:: EXERCISE AIM ::
Transcribe, starting at the line with "Pirinç Gold Renk" and ending at the line with "2023年,進(jìn)口物", every line of the material below exactly, but leave out the pictures and anything outside that span.

:: SUPPLIED DATA ::
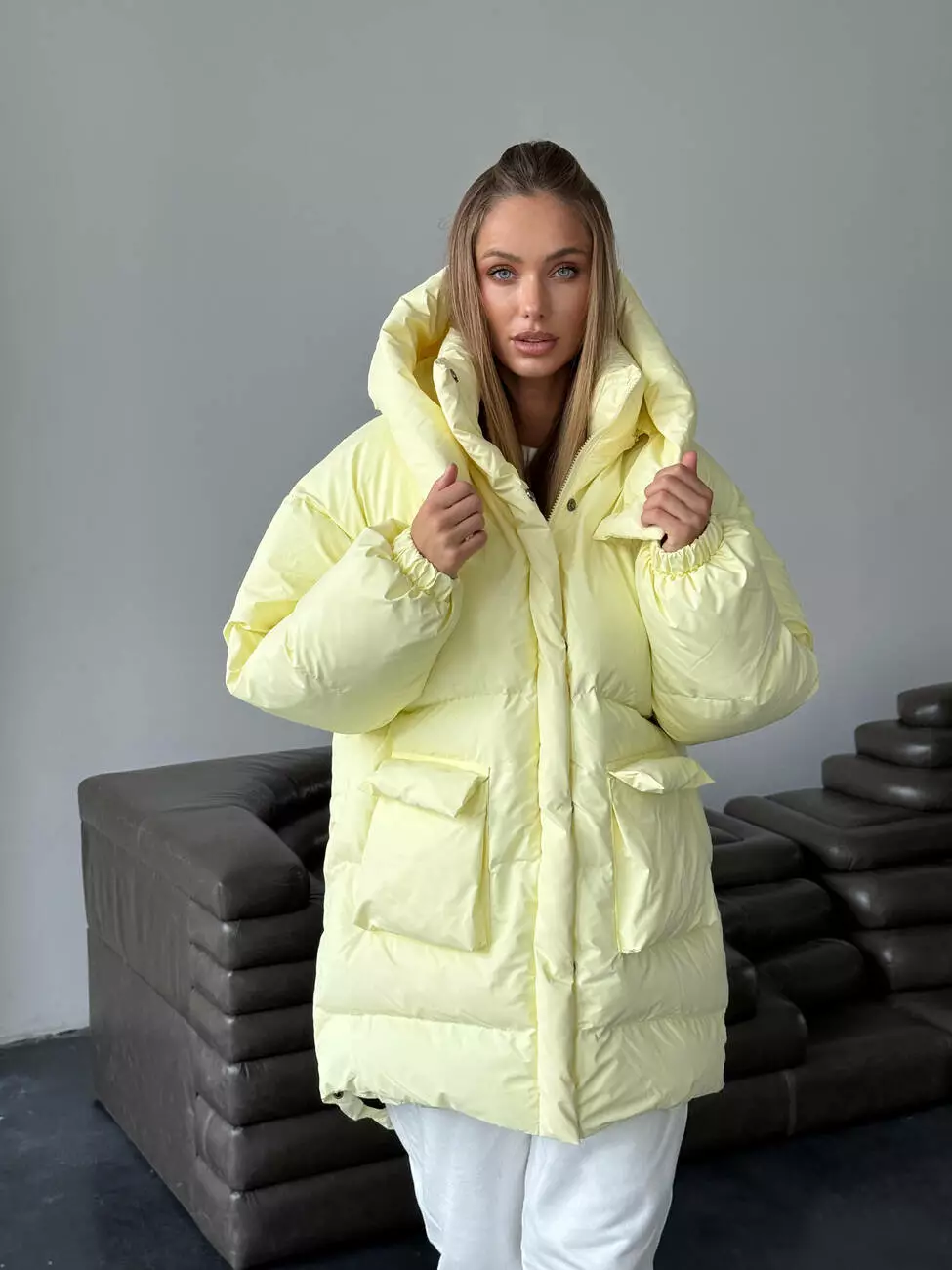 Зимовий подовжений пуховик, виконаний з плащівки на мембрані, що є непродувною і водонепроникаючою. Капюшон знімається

==

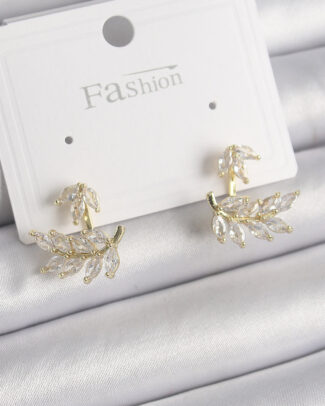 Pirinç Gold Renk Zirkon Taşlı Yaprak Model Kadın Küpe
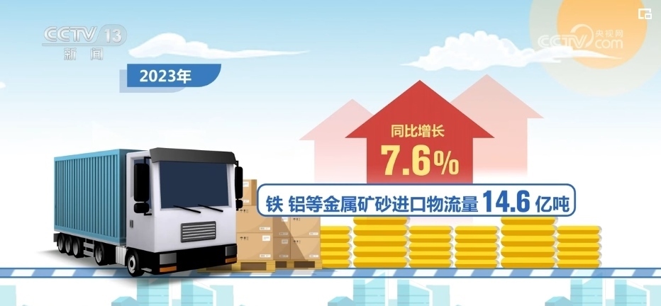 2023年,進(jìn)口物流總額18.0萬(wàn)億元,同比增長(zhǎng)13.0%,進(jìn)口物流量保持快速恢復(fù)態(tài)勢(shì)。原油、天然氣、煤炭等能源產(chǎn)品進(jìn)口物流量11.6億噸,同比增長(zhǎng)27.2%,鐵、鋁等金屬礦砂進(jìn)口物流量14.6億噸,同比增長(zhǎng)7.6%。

==

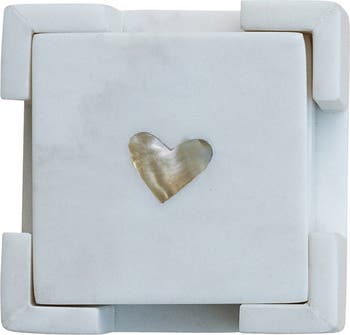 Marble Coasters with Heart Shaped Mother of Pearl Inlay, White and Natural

:: ANSWER TO THIS TASK ::
 Pirinç Gold Renk Zirkon Taşlı Yaprak Model Kadın Küpe
 2023年,進(jìn)口物流總額18.0萬(wàn)億元,同比增長(zhǎng)13.0%,進(jìn)口物流量保持快速恢復(fù)態(tài)勢(shì)。原油、天然氣、煤炭等能源產(chǎn)品進(jìn)口物流量11.6億噸,同比增長(zhǎng)27.2%,鐵、鋁等金屬礦砂進(jìn)口物流量14.6億噸,同比增長(zhǎng)7.6%。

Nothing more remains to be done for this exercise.